Also, here's the platinum points chart I found online; it's missing the 3bd units at Mountain Villas

http://rich-marquette.blogspot.com/2011/11/welk-resorts-platinum-program-timeshare.html

and 

http://www.triwest-timeshare.com/resort/featured/92069WE/2


----------



## mjm1 (Apr 9, 2014)

I just confirmed that a 3BR requires 360,000 points for a week. Not as much as I thought earlier.


----------



## Work hard to play harder :)! (Apr 9, 2014)

@mjm1 - Thank you so much for confirming! I wonder how do I go about building a Welk Resorts resource page.

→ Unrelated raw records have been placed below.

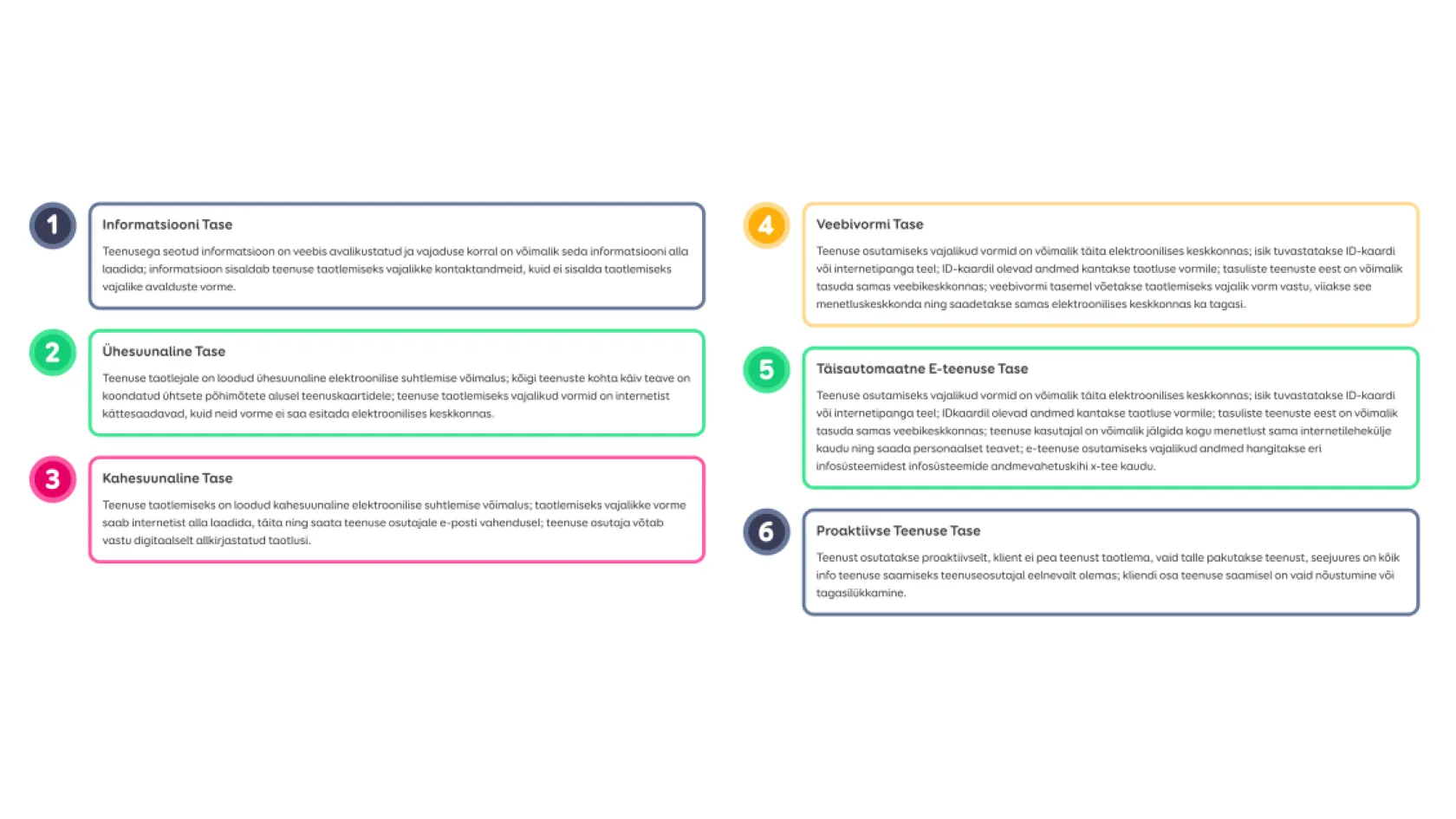 Analüüsis “Avalike teenuste ühtne portfellijuhtimine” töötati välja mudel avalike teenuste tehnoloogilise küpsuse kirjeldamiseks. Madalamate tasemete suunised keskenduvad sellele, et info teenuse kohta oleks kättesaadav.
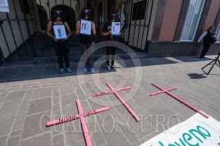 METEPEC, ESTADO DE MÉXICO, 10ABRIL2017.- Integrantes del Observatorio Ciudadano de Género realizaron un performance en la Plaza Juárez en contra de los secuestros y asesinatos de mujeres. FOTO: ARTEMIO GUERRA BAZ /CUARTOSCURO.COM
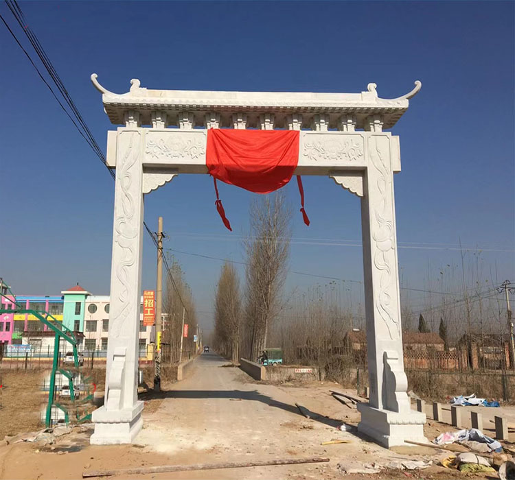 一门村庄石牌坊 新农村建设村口石牌楼的样式;随着城市化进程的加快,新农村建设也如火如荼地开展。在全国各地的农村,很多村庄的村口都矗立着一座庄严而美丽的石牌坊。这座石牌坊就是一门村庄的石牌坊,它承载着农村的希望和愿景,在新农村建设中有着重要的意义。
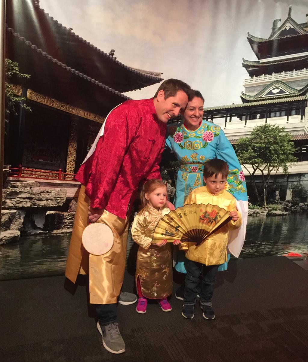 来自弗吉尼亚阿灵顿(Arlington County in Virginia)的马克(Mark)一家四口都贴上了各自的生肖贴,爸爸属羊,妈妈属鸡,六岁的姐姐属龙,两岁的弟弟属马,而妈妈指着高高隆起的腹部要求为即将出生的宝宝也贴上一片可爱的小猪生肖贴,表示“一个都不能落下”。
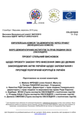 ПРОЕКТ СПІЛЬНИЙ ВИСНОВОК ЩОДО ПРОЕКТУ ЗАКОНУ ПРО ВНЕСЕННЯ ЗМІН ДО ДЕЯКИХ ЗАКОНОДАВЧИХ АКТІВ УКРАЇНИ ЩОДО ЗАПОБІГАННЯ І ПРОТИДІЇ ПОЛІТИЧНІЙ КОРУПЦІЇ В УКРАЇНІ

I think it would be good to consolidate all that I'm learning about Welk ownership to share with all.

Thanks again!


----------



## mjm1 (Apr 9, 2014)

Good idea, but I am not sure of the mechanics. One of the moderators would be the best to provide their insights. I am not sure if they can create a sticky given the relatively small number of owners on TUG.


----------



## mjm1 (Apr 9, 2014)

I just saw something here. Perhaps a Master Thread is the way to accomplish this. Again, a moderator can provide some guidance.


----------



## amluckau (Apr 12, 2014)

*Welk Pts Valuation Schedule*

Just joined TUG and stumbled upon this thread. Not sure if this link will work to my Welk Pts sheet, but here goes.
https://www.dropbox.com/s/gelsuwo6a76irck/7DF00CAC-B15D-43C9-B3BD-E1FD9CFF39C3.pdf


----------



## Work hard to play harder :)! (Apr 14, 2014)

@amluckau - Thank you very much for the sheet. 

By any chance do you have bonus time rate sheet?


----------